Ганс Гибенрат его не проявил. Он чувствовал, что это его долг, и страдал от собственной трусости. Не смея поднять глаз, глубоко несчастный, он стыдливо жался по одиноким нишам. Его так и тянуло к другу, и он много отдал бы, если бы можно было подойти к нему не заметно. Но семинарист, наказанный карцером, еще долгое время слывет в монастыре отверженным. Все знают, что за ним ведется особое наблюдение, общаться с ним опасно – это может привести к дурным последствиям для смельчака, В своей пышной речи на церемонии приема эфор говорил, что за благодеяния, кои государство оказывает своим воспитанникам, оно требует от них суровой, беспрекословной дисциплины. Ганс помнил это, и в борьбе между дружеским долгом и честолюбием последнее одержало верх. Таков уж был его идеал; продвигаться вперед, отлично сдавать экзамены, заставить всех говорить о себе, играть безусловно видную роль, однако отнюдь не романтическую и опасную. Перепуганный, он отсиживался в своем уголке. Вот выйти бы ему сейчас, набравшись храбрости! Но с каждой минутой эта делалось все труднее и труднее, и не успел Ганс оглянуться, как уже стал предателем.
Гейльнер, конечно, заметил это. Страстный юноша видел, как его сторонятся семинаристы, и даже понимал их, но ведь на Ганса он так рассчитывал! Все его беспредметные жалобы и стенания были смехотворным пустяком по сравнению с тем, какую боль, какое возмущение он переживал теперь. Бледный и надменный, он на мгновение задержался, встретившись с Гансом.
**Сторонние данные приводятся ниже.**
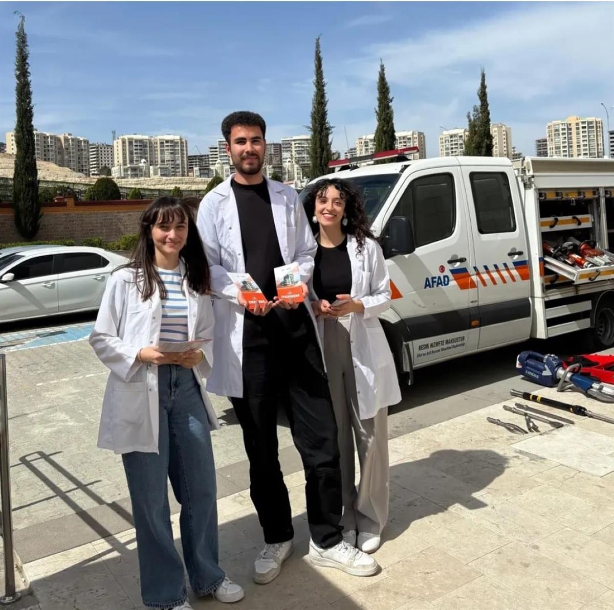 At Gaziantep Islamic Science and Technology University, field activities titled “Earthquake Awareness and Its Psychological Dimension” were organized in many provinces under the leadership of the National Public Health Team. With the participation of AFAD volunteers, information was provided on what should be done before, during, and after an earthquake; informative brochures were distributed; and the tools and equipment used in debris areas were introduced and experienced through hands-on demonstrations.

– Подлый ты трус, Гибенрат! Тьфу! – произнес он и отошел, тихо насвистывая и засунув руки в карманы.
Хорошо, что другие мысли и занятия отвлекали в это время молодых людей. Два дня спустя после этого происшествия выпал первый снег затем наступили ясные морозные дни, когда так славно поиграть в снежки, покататься на коньках. Все вдруг заговорили о рождестве, о каникулах, ведь до них оставалось так немного! На Гейльнера уже мало обращали внимания. А он, молчаливый и гордый, с надменным выражением лица, ходил по коридорам, высоко подняв голову, ни с кем не заговаривал и часто что-то записывал в свою черную тетрадочку, на клеенчатом переплете которой было выведено: «Песни монаха».